* [TASK BRIEF]: If pictures appear among the lines below, leave them out while you return exactly the lines from the one with "충전 중에는 이렇게 푸른색 LED 등이 점등되어 충전상태를 알려줍니다." through the one with "2月23日,云南新增境外输入".

* [INFORMATION GIVEN]:
[Start of section]

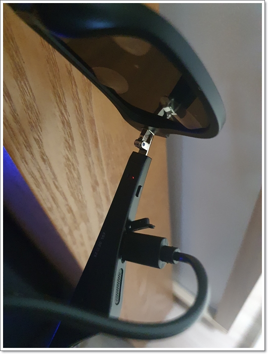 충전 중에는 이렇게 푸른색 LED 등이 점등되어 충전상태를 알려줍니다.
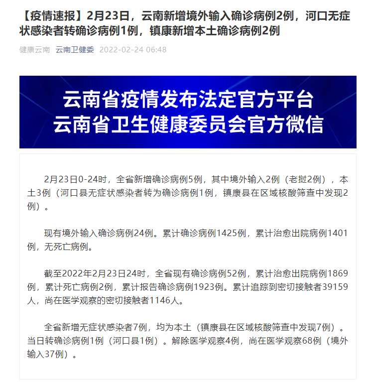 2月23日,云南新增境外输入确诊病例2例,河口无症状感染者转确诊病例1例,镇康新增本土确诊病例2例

[End of section]
[Start of section]

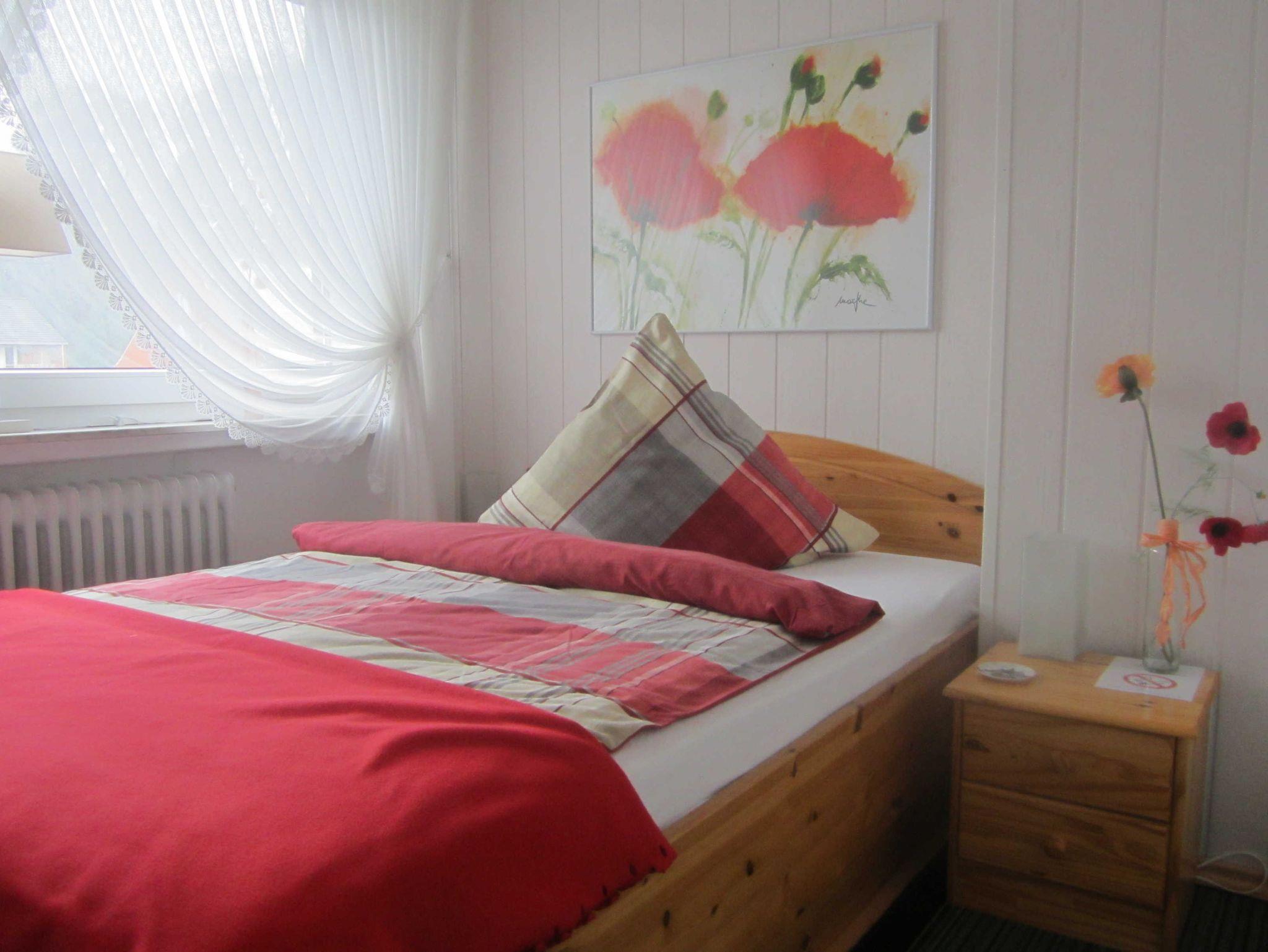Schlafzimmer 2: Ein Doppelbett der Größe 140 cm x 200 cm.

[End of section]
[Start of section]

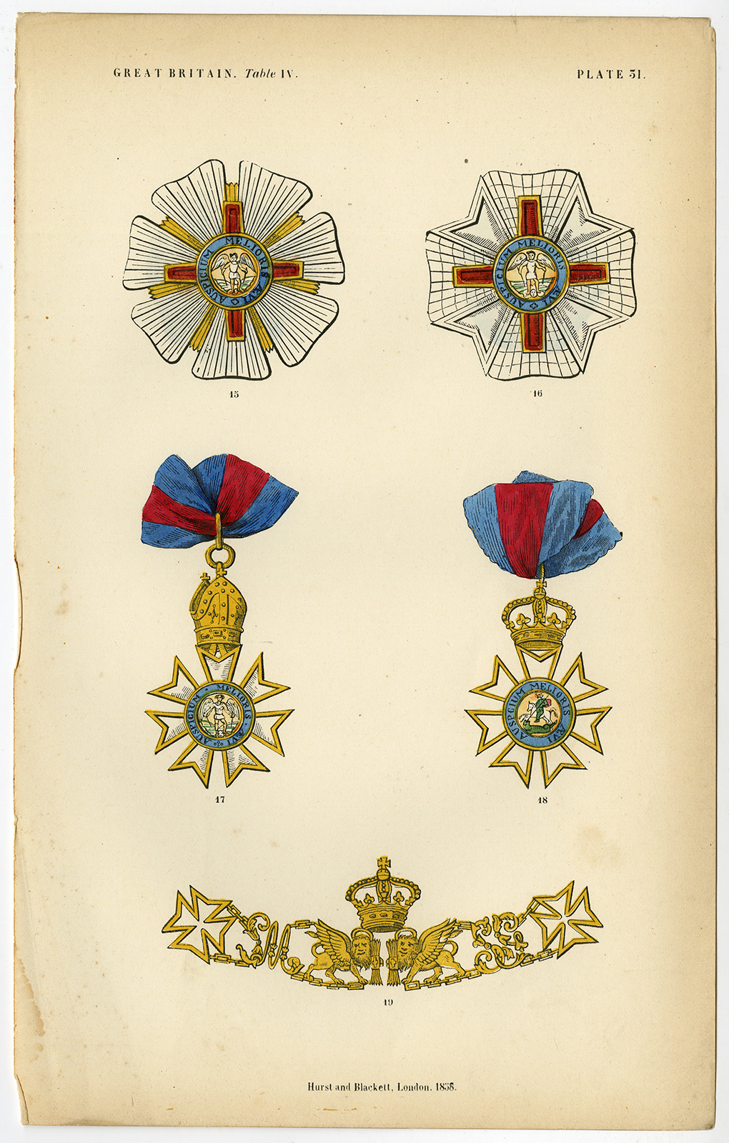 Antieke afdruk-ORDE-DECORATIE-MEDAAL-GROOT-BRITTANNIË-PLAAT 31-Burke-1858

[End of section]

* [RESULT OF THIS TASK]:
 충전 중에는 이렇게 푸른색 LED 등이 점등되어 충전상태를 알려줍니다.
 2月23日,云南新增境外输入确诊病例2例,河口无症状感染者转确诊病例1例,镇康新增本土确诊病例2例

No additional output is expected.